Tejun, could you please also add the patch below to your lineup too?
It is an optimization and a cleanup, and adds the following new generic percpu methods:
percpu_read()
percpu_write()
percpu_add()
percpu_sub()
percpu_or() percpu_xor()
and implements support for them on x86. (other architectures will fall back to a default implementation)

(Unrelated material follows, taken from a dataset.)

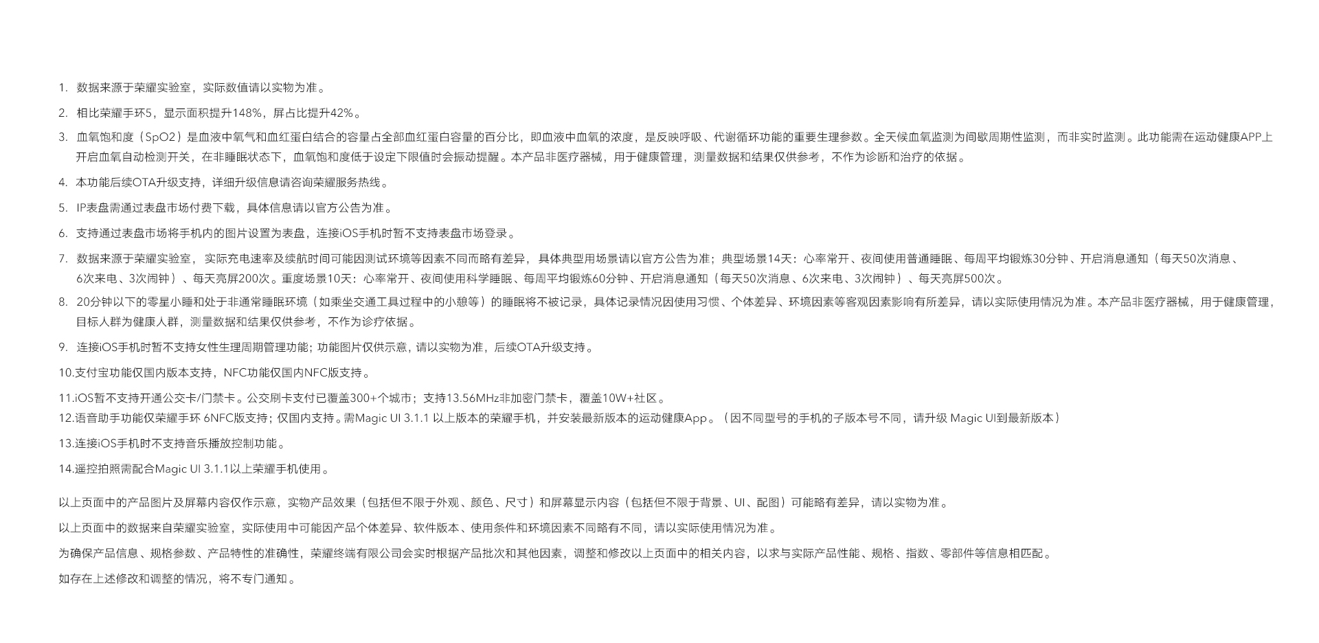 *以上页面中的数据为理论值,均来自荣耀内部实验室,于特定测试环境下所得(请见各项具体说明),实际使用中可能因产品个体差异、软件版本、使用条件和环境因素不同略有不同,请以实际使用的情况为准。

The advantage is that for example to read a local percpu variable, instead of this sequence:
return __get_cpu_var(var);
ffffffff8102ca2b: 48 8b 14 fd 80 09 74 mov -0x7e8bf680(,%rdi,8),%rdx
ffffffff8102ca32: 81 ffffffff8102ca33: 48 c7 c0 d8 59 00 00 mov $0x59d8,%rax
ffffffff8102ca3a: 48 8b 04 10 mov (%rax,%rdx,1),%rax
We can get a single instruction by using the optimized variants:
return percpu_read(var);
ffffffff8102ca3f: 65 48 8b 05 91 8f fd mov %gs:0x7efd8f91(%rip),%rax
I also cleaned up the x86-specific APIs and made the x86 code use these new generic percpu primitives.
It looks quite hard to convince the compiler to generate the optimized single-instruction sequence for us out of __get_cpu_var(var) - or can you perhaps see a way to do it?
The patch is against your latest zero-based percpu / pda unification tree. Untested.